Canada and Arctic North America is also a hard book to put down. Not only is Wynn’s prose engaging and entertaining (infused, as it is, with erudite references to everything from author Jane Urquhart’s The Underpainter to the Canadian film Margaret’s Museum), but Wynn also manages the remarkable feat of telling a gripping story while at the same time placing the seemingly dry stuff of historical environmental change at the centre of his narrative. He nevertheless avoids the temptation, most vividly represented in Jared Diamond’s recent works, to reduce his account of environmental change to a declensionist narrative that foretells inevitable global ecological collapse. Wynn rightly notes that such prophecies of doom not only rely on an oversimplified interpretation of complex human interactions with the natural world but also run the risk of inducing apathy as tales of ecological collapse from the past are interpreted as an unmanageable historical inevitability in the present day. If the results of his approach constitute a somewhat fragmented tale, the book nevertheless holds together under the compelling idea that environmental history might teach us not only about the ecological sins of the past but also about the (admittedly perhaps much rarer) cases in which human communities in Canada have been able to at least begin to address local and, at times, global environmental problems. While this assessment may strike some readers as the overly sanguine view of a specialist in a field devoted to frustratingly complex interpretations of the past, Wynn’s volume is broad enough in its appeal to grasp the attention of senior undergraduate students in history, geography, and environmental studies (students in first and second year might balk at the sheer volume of material in the book) as well as that of any general readers who maintain an interest in environmental issues.

Wynn somewhat pessimistically notes near the end of the book that his attempt at a broad synthesis will invite quibbles from readers over the volume’s inevitable omissions. Obviously, we would all like to see our own favourite topics covered in a representative work (my own list would include more space devoted to wildlife exploitation and the environmental impacts associated with Canadian military activity). My main criticism of Canada and Arctic North America lies, however, with what was included rather than with what was omitted. Indeed, I was never once convinced that an environmental history of Canada should have been lumped in with that of the rest of Arctic North America (i.e., Canada with Alaska tacked on for convenience). The editors of the larger abc-clio series on environmental history (to which this volume belongs) likely adopted this approach in an effort to avoid a stand-alone study of Alaska, a state difficult to lump with the other lower forty-eight, which were subdivided into broad regional studies in other volumes. Although Wynn deftly weaves material on Alaska into the book, it struck me as out of place with the larger narrative, and it raised questions as to why other arguably more important cross-border regional economic and trade linkages between Canada and the United States (i.e., in the Pacific Northwest and in the Great Lakes states and provinces) should not also be examined in the volume.

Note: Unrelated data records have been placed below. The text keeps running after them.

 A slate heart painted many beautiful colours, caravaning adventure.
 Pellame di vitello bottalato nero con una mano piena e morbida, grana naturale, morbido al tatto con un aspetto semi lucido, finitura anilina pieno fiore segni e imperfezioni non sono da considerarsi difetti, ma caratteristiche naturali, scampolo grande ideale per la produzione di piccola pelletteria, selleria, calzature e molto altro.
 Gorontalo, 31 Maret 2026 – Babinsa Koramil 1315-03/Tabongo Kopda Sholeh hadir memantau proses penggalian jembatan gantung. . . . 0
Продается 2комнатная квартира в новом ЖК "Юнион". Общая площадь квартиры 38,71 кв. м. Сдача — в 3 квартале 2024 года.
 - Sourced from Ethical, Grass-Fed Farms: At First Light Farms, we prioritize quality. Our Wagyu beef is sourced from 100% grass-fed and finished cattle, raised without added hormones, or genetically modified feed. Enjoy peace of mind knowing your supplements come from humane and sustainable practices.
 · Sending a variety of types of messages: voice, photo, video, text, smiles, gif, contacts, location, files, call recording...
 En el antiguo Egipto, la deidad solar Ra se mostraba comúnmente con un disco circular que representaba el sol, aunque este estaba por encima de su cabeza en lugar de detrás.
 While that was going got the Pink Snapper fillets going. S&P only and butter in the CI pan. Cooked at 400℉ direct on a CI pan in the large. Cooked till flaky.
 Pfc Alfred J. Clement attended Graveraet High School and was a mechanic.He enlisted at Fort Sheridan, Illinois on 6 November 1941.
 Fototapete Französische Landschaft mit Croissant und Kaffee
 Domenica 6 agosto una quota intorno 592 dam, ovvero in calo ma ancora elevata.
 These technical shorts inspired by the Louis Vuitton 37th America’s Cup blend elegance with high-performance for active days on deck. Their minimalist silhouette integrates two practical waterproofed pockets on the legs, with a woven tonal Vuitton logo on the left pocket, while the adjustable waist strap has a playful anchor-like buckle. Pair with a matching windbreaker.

The uneven relationship between the Alaskan and Canadian material is not enough, however, to tarnish what is a masterful contribution to the growth and development of environmental history in Canada. We finally have a beautifully crafted and far-reaching narrative that accounts for the importance of the natural world in human life through the broad sweep of Canadian history. Wynn’s compelling and comprehensive 144 bc studies account of environmental change in Canada’s past will serve as a central work in the field for many years, if not many decades, to come.